== Your objective ==
Please restate exactly what appears in the records below from the first line to the line where "- 6.70 total" is, that line included.
-- Source records follows --
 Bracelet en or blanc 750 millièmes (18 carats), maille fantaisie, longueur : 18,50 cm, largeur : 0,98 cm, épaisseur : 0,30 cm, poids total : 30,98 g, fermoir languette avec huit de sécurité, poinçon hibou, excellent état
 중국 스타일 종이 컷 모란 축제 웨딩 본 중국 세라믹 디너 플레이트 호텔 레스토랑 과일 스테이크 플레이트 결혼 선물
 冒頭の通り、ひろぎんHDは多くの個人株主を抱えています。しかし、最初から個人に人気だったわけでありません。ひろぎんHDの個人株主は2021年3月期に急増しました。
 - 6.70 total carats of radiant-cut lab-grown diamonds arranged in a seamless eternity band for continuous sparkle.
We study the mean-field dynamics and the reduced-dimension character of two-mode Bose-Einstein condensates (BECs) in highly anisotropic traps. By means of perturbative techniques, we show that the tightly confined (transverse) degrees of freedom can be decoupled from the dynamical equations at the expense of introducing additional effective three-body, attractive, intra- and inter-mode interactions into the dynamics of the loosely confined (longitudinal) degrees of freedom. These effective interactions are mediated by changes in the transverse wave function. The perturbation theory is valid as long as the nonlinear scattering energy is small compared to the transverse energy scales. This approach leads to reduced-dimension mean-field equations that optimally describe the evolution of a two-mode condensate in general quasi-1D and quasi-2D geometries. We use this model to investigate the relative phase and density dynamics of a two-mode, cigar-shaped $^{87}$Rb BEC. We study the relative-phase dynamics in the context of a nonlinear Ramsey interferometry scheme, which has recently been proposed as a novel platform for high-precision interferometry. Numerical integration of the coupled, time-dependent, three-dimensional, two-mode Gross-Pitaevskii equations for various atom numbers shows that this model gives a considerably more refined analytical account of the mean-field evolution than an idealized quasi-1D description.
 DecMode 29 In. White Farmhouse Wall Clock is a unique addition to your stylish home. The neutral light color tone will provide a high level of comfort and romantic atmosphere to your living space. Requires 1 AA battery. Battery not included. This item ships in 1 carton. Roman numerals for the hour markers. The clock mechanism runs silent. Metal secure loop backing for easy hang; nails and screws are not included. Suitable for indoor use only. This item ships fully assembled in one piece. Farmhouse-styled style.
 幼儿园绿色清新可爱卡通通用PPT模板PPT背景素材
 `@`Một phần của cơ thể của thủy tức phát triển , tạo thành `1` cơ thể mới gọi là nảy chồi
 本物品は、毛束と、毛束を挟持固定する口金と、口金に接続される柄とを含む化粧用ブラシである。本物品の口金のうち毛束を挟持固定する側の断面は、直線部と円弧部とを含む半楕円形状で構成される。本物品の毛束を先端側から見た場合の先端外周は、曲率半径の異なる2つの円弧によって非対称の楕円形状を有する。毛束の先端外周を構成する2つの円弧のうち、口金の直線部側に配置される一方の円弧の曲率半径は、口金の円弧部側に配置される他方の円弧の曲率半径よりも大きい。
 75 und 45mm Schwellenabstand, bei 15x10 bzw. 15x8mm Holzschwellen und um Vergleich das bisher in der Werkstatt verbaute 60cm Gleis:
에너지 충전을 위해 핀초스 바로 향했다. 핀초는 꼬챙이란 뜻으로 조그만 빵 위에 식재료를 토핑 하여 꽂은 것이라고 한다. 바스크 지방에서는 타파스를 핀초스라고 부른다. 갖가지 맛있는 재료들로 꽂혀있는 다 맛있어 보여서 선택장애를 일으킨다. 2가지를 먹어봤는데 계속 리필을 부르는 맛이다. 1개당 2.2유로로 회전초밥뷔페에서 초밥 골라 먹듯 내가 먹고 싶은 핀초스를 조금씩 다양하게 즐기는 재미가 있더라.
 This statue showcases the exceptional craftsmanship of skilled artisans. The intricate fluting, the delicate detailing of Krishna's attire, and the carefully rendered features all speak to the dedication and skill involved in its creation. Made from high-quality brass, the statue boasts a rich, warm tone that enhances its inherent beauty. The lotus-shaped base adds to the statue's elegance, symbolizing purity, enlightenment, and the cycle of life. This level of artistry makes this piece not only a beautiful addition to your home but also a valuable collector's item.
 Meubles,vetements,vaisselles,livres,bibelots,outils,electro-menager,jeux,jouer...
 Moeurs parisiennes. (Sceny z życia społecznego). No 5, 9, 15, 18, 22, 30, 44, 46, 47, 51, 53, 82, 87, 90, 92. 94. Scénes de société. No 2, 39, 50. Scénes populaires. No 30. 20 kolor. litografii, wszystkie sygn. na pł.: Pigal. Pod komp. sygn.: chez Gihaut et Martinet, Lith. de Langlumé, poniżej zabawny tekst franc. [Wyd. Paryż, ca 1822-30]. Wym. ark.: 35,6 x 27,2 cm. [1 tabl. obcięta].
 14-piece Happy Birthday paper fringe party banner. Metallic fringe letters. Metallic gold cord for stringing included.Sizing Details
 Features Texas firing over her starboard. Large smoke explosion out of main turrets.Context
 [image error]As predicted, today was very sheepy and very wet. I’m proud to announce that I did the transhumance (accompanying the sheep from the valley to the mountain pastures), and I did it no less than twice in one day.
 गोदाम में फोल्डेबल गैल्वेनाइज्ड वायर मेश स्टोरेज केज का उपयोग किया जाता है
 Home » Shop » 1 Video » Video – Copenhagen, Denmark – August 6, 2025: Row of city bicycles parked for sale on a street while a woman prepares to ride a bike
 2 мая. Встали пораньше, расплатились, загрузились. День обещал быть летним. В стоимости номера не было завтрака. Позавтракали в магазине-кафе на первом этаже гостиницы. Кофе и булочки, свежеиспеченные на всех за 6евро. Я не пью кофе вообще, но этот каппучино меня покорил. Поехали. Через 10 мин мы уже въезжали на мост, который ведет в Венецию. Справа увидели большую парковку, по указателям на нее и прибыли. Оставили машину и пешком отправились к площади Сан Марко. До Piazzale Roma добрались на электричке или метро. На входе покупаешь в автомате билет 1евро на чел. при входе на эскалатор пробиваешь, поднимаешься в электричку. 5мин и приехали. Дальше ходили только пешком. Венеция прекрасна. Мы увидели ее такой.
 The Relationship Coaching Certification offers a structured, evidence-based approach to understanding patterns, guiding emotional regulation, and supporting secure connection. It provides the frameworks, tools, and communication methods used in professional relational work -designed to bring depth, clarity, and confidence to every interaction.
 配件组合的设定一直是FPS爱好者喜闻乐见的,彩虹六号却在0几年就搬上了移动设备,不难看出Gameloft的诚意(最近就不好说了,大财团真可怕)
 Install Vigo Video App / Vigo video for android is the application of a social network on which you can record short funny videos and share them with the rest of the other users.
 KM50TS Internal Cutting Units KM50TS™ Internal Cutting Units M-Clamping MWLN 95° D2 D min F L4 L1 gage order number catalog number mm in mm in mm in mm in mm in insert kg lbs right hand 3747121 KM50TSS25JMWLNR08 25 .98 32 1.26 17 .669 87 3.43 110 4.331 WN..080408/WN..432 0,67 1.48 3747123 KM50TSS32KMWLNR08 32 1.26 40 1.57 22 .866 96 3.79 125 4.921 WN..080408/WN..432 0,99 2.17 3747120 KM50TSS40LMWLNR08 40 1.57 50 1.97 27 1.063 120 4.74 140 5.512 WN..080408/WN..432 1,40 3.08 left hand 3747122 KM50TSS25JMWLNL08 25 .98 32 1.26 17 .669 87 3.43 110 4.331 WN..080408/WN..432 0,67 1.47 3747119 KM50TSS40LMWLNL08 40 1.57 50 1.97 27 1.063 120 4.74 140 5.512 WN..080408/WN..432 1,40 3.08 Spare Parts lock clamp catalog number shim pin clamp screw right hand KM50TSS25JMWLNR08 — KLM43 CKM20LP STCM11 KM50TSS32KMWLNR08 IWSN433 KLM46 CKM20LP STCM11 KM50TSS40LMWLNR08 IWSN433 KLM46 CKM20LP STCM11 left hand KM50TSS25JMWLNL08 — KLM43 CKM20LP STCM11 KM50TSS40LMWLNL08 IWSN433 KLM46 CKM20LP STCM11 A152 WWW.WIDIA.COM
-- Source records concluded --
== Solution to the problem ==
 Bracelet en or blanc 750 millièmes (18 carats), maille fantaisie, longueur : 18,50 cm, largeur : 0,98 cm, épaisseur : 0,30 cm, poids total : 30,98 g, fermoir languette avec huit de sécurité, poinçon hibou, excellent état
 중국 스타일 종이 컷 모란 축제 웨딩 본 중국 세라믹 디너 플레이트 호텔 레스토랑 과일 스테이크 플레이트 결혼 선물
 冒頭の通り、ひろぎんHDは多くの個人株主を抱えています。しかし、最初から個人に人気だったわけでありません。ひろぎんHDの個人株主は2021年3月期に急増しました。
 - 6.70 total carats of radiant-cut lab-grown diamonds arranged in a seamless eternity band for continuous sparkle.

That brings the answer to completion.